Its not some magical "radar" - its some part of you picking up patterns that you either don't want to recognize, or just don't fully understand yet.

My gut was consistently correct about my wife's EAs.


----------



## Simon Phoenix (Aug 9, 2010)

No.

My gut was telling me that something did not feel right several weeks before finding the ugly truth on her cellphone but I shrugged it off. BIG MISTAKE...
_Posted via Mobile Device_


----------



## Chrono (Mar 23, 2011)

My gut wasn't wrong and I knew something was wrong weeks before I finally found out. Sucks to be right sometimes.


----------



## Bigwayneo (Jan 22, 2011)

Before the Affair, No. Right now....all the time. Every little thing she does from putting makeup on before work to getting home 5-10 minutes late (even though she calls me) makes my gut crazy.


----------



## notreadytoquit (Jan 11, 2010)

My gut was absolutely correct but I needed solid proof before I made the accusation. It's a pretty big thing to accuse someone of infidelity


----------



## twotimeloser (Feb 13, 2011)

Bigwayneo said:


> Before the Affair, No. Right now....all the time. Every little thing she does from putting makeup on before work to getting home 5-10 minutes late (even though she calls me) makes my gut crazy.


I have a theory on that...

its has to do with 100% trust.

when we have 100% trust, the mistrust sticks out like a sore thumb. When there is a mixture of trust and mistrust, then we have no clue what is what. 

The same thing goes with our "enemies" You can trust your enemies 100% - In the sense that you know that everything they will do is against you. This is trust, just reversed trust.

So lets look at that in black and white... If you have a white sheet of paper, a black dot shows up easily. If you have a black paper, a white dot shows up easily. But is the paper is white and black speckled dots.. It becomes harder to sort it all out.

Well, after an affair, things are no longer black or white.. they are both, and we have a hard time sorting out anything.

Thats my theory at least.


----------



## Bigwayneo (Jan 22, 2011)

twotimeloser said:


> I have a theory on that...
> 
> its has to do with 100% trust.
> 
> ...


:iagree::iagree:

That is probably the best explained answer I have ever seen. Simple, smart. :smthumbup:


----------



## Niceguy13 (Apr 7, 2011)

twotimeloser said:


> I have a theory on that...
> 
> its has to do with 100% trust.
> 
> ...


Bingo I don't know if I can trust my gut anymore but my gut was right on the initial accusation and my gut was right that she broke NC. Guess what gut 2 her 0 sticking with the gut.


----------



## AFEH (May 18, 2010)

I see the gut as kind of “speaking to us” in a subconscious way, it’s like a sixth sense.
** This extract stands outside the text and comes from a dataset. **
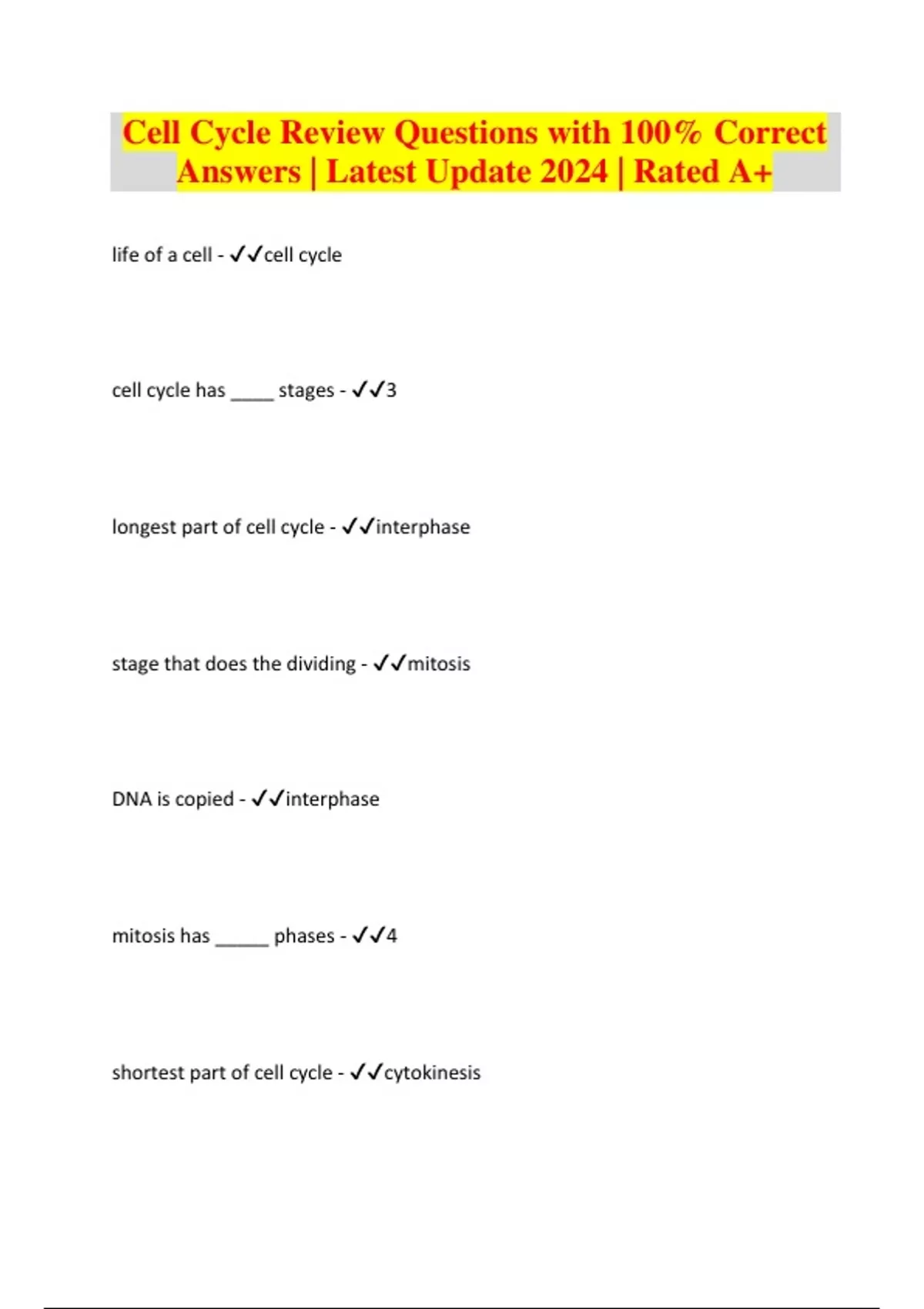 Cell Cycle Review Questions with 100% Correct Answers | Latest Update 2024 | Rated A+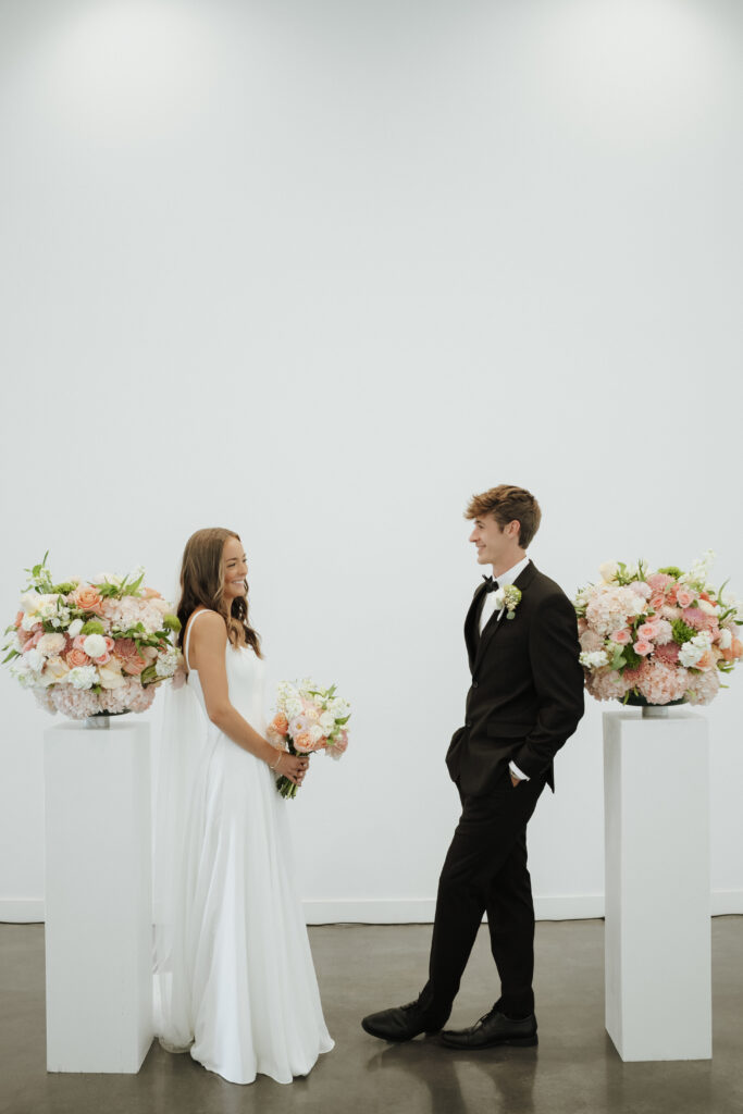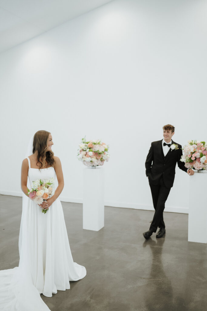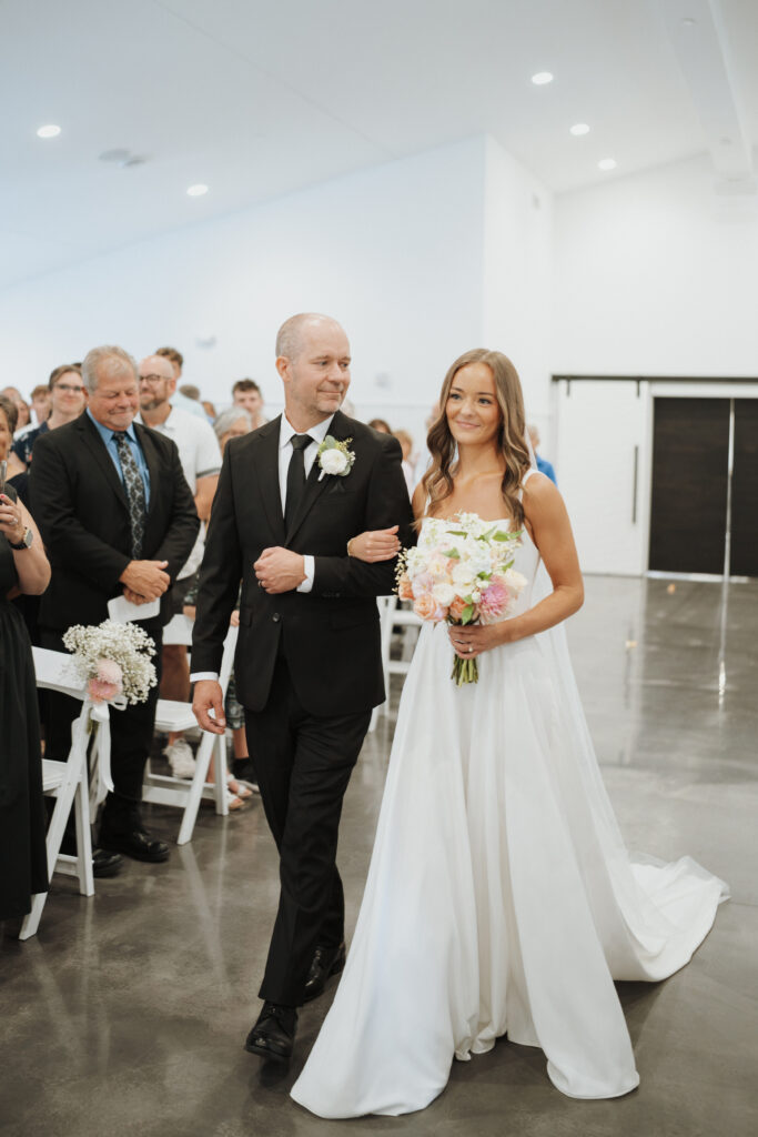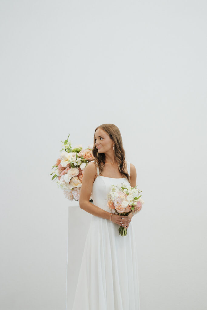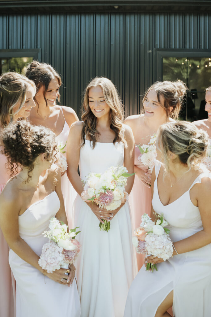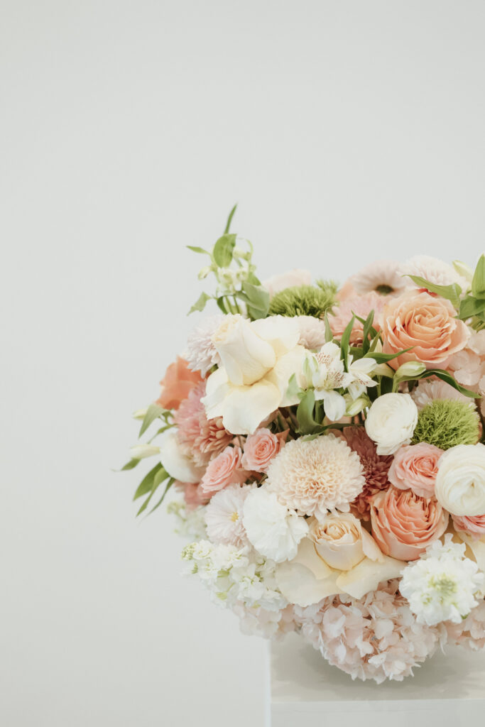Mackenzie embodied a simple, refined elegance that reflected her vision so beautifully. Soft pinks and gentle greens created a delicate, romantic palette that felt both timeless and fresh. Adding an even more meaningful touch, her aunt thoughtfully designed the florals—each arrangement crafted with care and intention. From the ceremony space to her bouquet, every piece carried a sense of love that only family can bring.

While we’re taking other information in, body language, behaviour over time, the words spoken, the deceits and lies, even the sense of smell with a changed perfume, the clothing, the gut prods away at us saying “something’s not adding up, something is wrong, it’s not making sense”.

It is very much like intuition, the gut instinct. So we use our other five senses to check our gut, our intuition out. And we try and understand and to “rationalise” and maybe even be logical about it all. So we get more input from our other senses and still the gut says “It’s not adding up”.

Trust your gut, trust your intuition and “instinct”. But check it out, even by snooping.

Bob


----------



## Pit-of-my-stomach (Nov 2, 2010)

nice777guy said:


> My theory - your gut is just your subconscious putting things together that you haven't consciously connected yet. Its some part of you picking up patterns that you either don't want to recognize, or just don't fully understand yet.


To a degree, I agree with the above statement. I also believe I might have a "magic radar"... Rotflmao.

To answer the question, No. I was never wrong about my "gut feelings". Even when given evidence that I was "crazy" and "paranoid" I could never let go of that gut feeling... When I tried to convince myself maybe I was just _off_ in my suspicions... I couldn't.


----------



## upsetmommy (Apr 9, 2011)

Pit-of-my-stomach said:


> To answer the question, No. I was never wrong about my "gut feelings". Even when given evidence that I was "crazy" and "paranoid" I could never let go of that gut feeling... When I tried to convince myself maybe I was just _off_ in my suspicions... I couldn't.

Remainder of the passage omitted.